— WHAT THIS TASK INVOLVES —
Retype, word for word, the line holding "Cruella and her" and every line below it to the end of the listing. Leave out the pictures.
%%
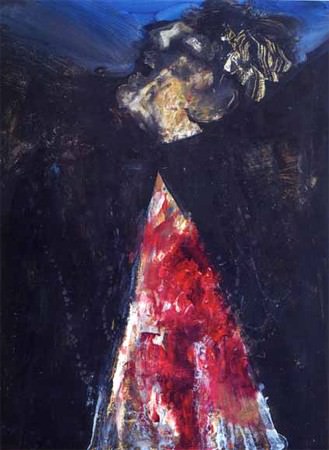 E ferisce, letteralmente, in uno squarcio fatale, nell’olio dedicato a Il mantello: un Buzzati riletto nel suo accento più cupo, di una dolenza terribile e definitiva, insinuante e satura.
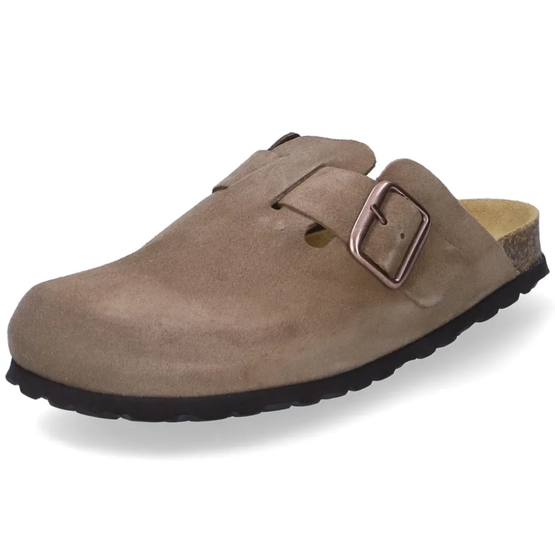 Beliana präsentiert Clogs für Damen, die Komfort und Charakter vereinen. Das Obermaterial aus hochwertigem Rauleder in warmem Braun zeigt einen natürlichen Look, während langlebiges Echtleder und die Lederdecksohle für wertige Haptik stehen. Ein gepolstertes, vorgeformtes Korkfußbett mit Lederbezug umschließt den Fuß angenehm, die runde Spitze gewährt Zehenfreiheit. Die flexible Profilsohle sorgt für Grip und das geringe Gewicht für ein leichtfüßiges Tragegefühl. Ein Riemen mit verstellbarer Schnalle in Kupferoptik erlaubt individuellen Halt, der Verschluss fügt sich stimmig in das Design. Größenhinweis: fällt größer aus; oftmals empfiehlt sich eine Nummer kleiner. Ein vielseitiger Begleiter vom Home-Office bis zur City. Modetipp: Mit Cropped-Jeans, feinen Rippstrümpfen und einem lockeren Strickcardigan entsteht ein lässiger, zeitloser Look in Naturtönen.
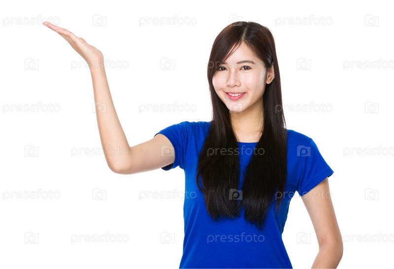 Азиатская молодая женщина с открытой ладонью руки
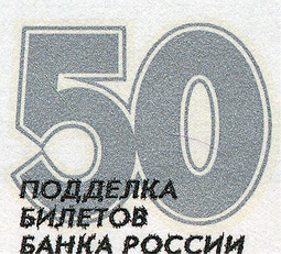 защитной нити видны повторяющиеся сочетания букв и цифр «ЦБР 50», имеющие
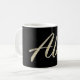 Eine sehr schöne edle personalisierte Tasse / Kaffeetasse / Teetasse im whitegold Lettering Look auf schwarz für Alex.
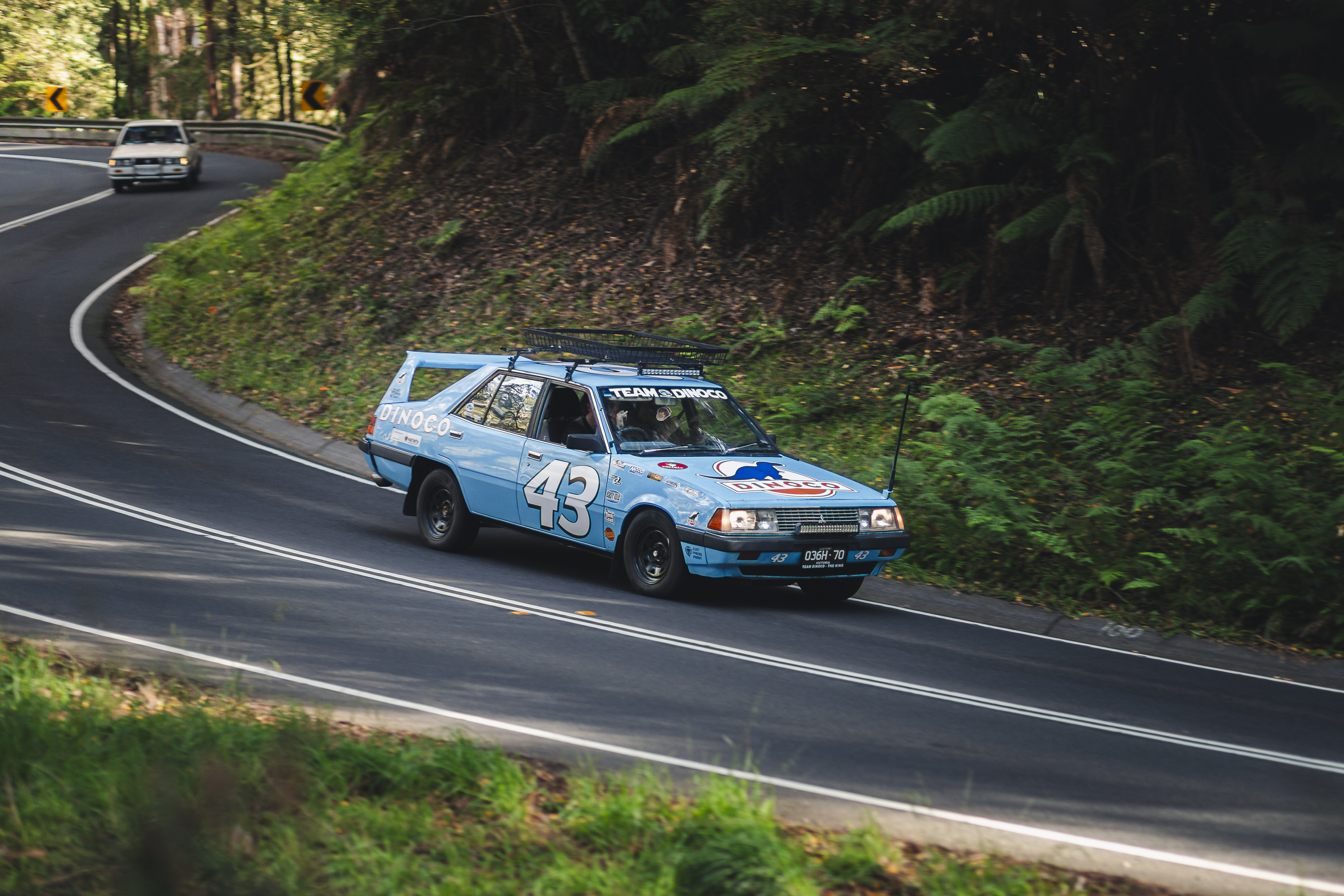 Blue race car number 43 navigating a winding forest road with lush green vegetation on the hillside.
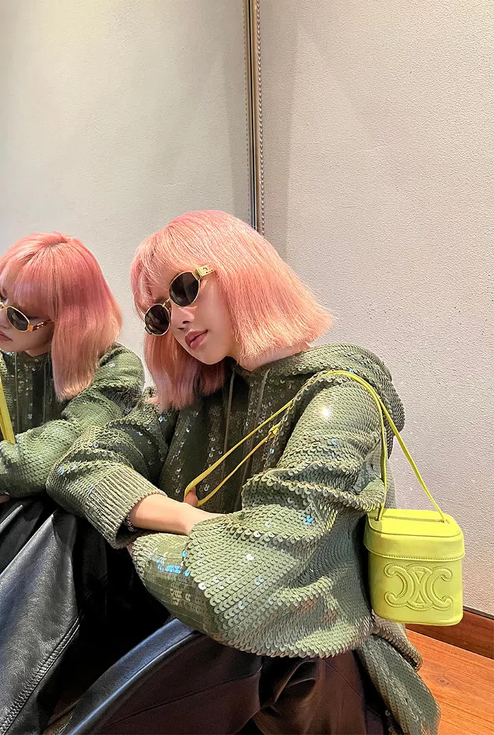 喜欢迷你小包,选择鲜亮的颜色更适合作为造型单品。尤其是你如果有染粉色、紫色、蓝色、绿色等发色的话,利用发色和手袋就能制造视觉冲击,就算平时只穿白色上衣和牛仔裤也够出挑。
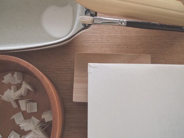 まずは本文の背になる側の上下の角に、補強のための角布(かどぎれ)を貼ります。
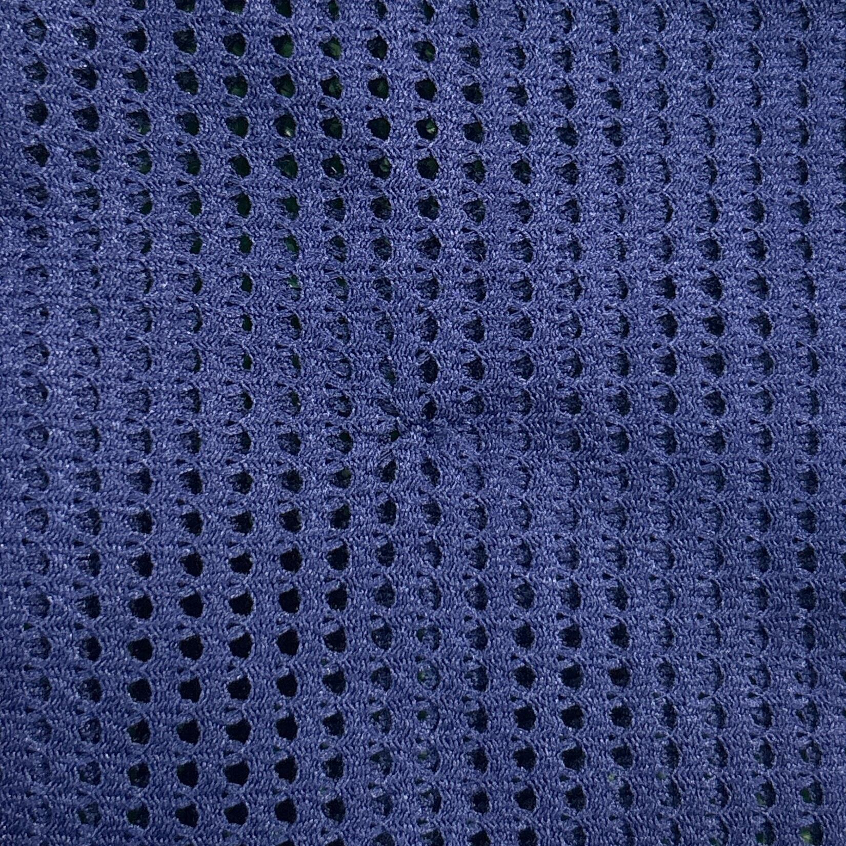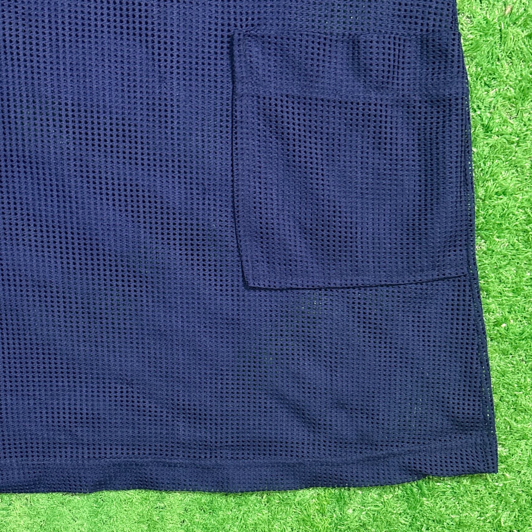 1980〜90年代のアメリカ製メッシュノーカラーシャツです。ネイビーのポリエステルメッシュ素材を使用し、軽やかで通気性抜群の仕上がり。インナーが透けて見えるシースルー感があり、レイヤードスタイルを楽しめます。前立てにはゴールドのボタンが並び、上品さとアクセントをプラス。ノーカラーデザインで首回りがすっきりとし、夏場でも涼しく快適に着用可能です。
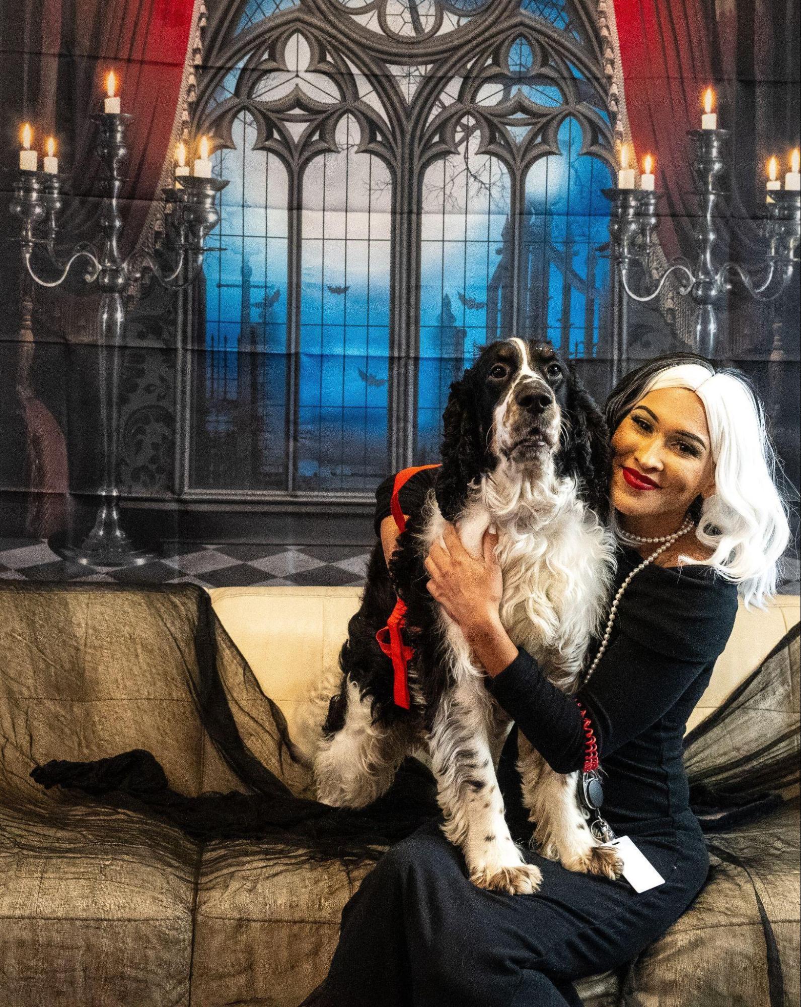 Cruella and her “paw-some” sidekick show off their spooktacular look at Wag Hotels’ Haunted Howl-o-ween Party.
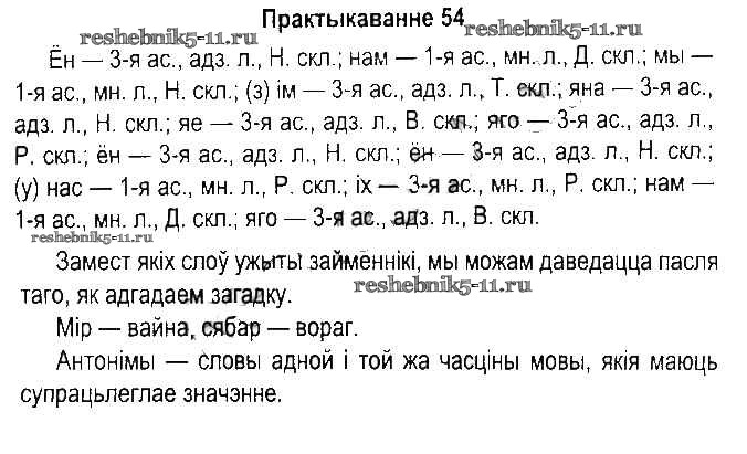 Готовая домашняя работа с ответами по Белорусскому языку за 5 класс Красней, Несцяровіч, Васюковіч, Лаурель Учебник Часть 1, 2 Национальный институт образования 2014 ФГОС - Часть 1. Практыкаванні 54
%%
— WRITTEN REPLY —
 Cruella and her “paw-some” sidekick show off their spooktacular look at Wag Hotels’ Haunted Howl-o-ween Party.
 Готовая домашняя работа с ответами по Белорусскому языку за 5 класс Красней, Несцяровіч, Васюковіч, Лаурель Учебник Часть 1, 2 Национальный институт образования 2014 ФГОС - Часть 1. Практыкаванні 54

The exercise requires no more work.